The son of a bookkeeper, Goebbels was brought up in a devoutly Catholic home. His parents hoped he would be a priest, but he saw his future as a writer and instead studied philosophy and literature, earning a Ph.D. in drama in 1921. Goebbels' literary aspirations were never realized, however. He received endless rejections from newspapers and publishing houses and ultimately, his pompous overwrought style made him more suited to the life of political rhetoric.

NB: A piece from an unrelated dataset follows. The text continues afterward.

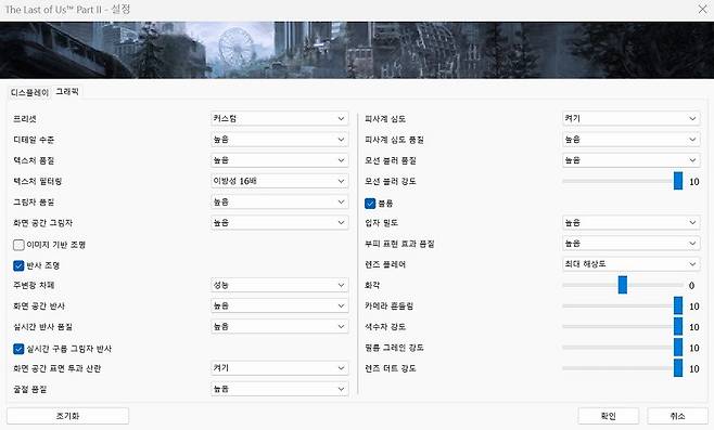 ‘라오어2 리마스터’의 그래픽 엔진은 너티독이 수년간 지속적으로 개선 발전시켜온 것의 최신판입니다. 여기에 PC의 가장 큰 장점, CPU와 GPU, RAM 등의 사양에 따라 퍼포먼스는 계속 상한선을 뚫을 수 있다는 것이죠. 이 두 가지가 합쳐졌고, 거기에 또 리마스터 PC 버전의 특전, 울트라 와이드 해상도까지 지원하는 혜택을 입었습니다. 아쉽게도 필자의 디스플레이는 기본 종횡비를 지원하는 것이어서 와이드 부분까지 온전한 경험을 하진 못했지만요.

By the mid-1920's, Hitler had recognized Goebbels' talents and, in November of 1926, sent him to "Red" Berlin to firmly establish the Nazi presence in the city. In 1928 he made Goebbels his propaganda chief. After the Nazis came to power in 1933, Goebbels began to clamp down on all forms of artistic expression, banishing Jewish writers, journalists and artists from Germany's cultural life. He took control of the news media, making sure that it presented Germany's domestic and foreign policy aims as in terms of Nazi ideology. He played probably the most important role in creating an atmosphere in Germany that made it possible for the Nazis to commit terrible atrocities against Jews, homosexuals and other minorities. In some instances, he authorized the violence himself. On November 9, 1938, after a German diplomat had been killed by a Jewish teenager in Paris, Goebbels issued instructions for "spontaneous demonstrations" to be executed against the Jews during the night. The subsequent pogrom, often referred to as "Kristallnacht," led to the deaths of 91 Jews, the incarceration in concentration camps of 30,000 others and the destruction of about 7,000 Jewish businesses and more than 900 synagogues.

During the war, Goebbels devoted much of his efforts to boosting war morale. He wrote innumerable articles and speeches rousing the German people, promising wonder weapons and providing projections of a final victory that he knew were pure fantasy. Right until the end of the war he worked to encourage the German people to resist the Allies with all their strength. At the same time he knew that defeat would have dire consequences for the Nazi leadership. "We are already so enmeshed above all in the Jewish question that there is no escape for us," he wrote in his diary in March 1943.

On April 30, 1945, the day Hitler killed himself in his bunker, Goebbels was among a small coterie of the Führer's inner circle who retrieved the body and placed it in the garden outside where it was burned. On May 1, Goebbels followed Hitler's lead. He poisoned his six children, and then shot his wife and himself. His adjutant set fire to the bodies. The next day Russian troops found the family's charred remains.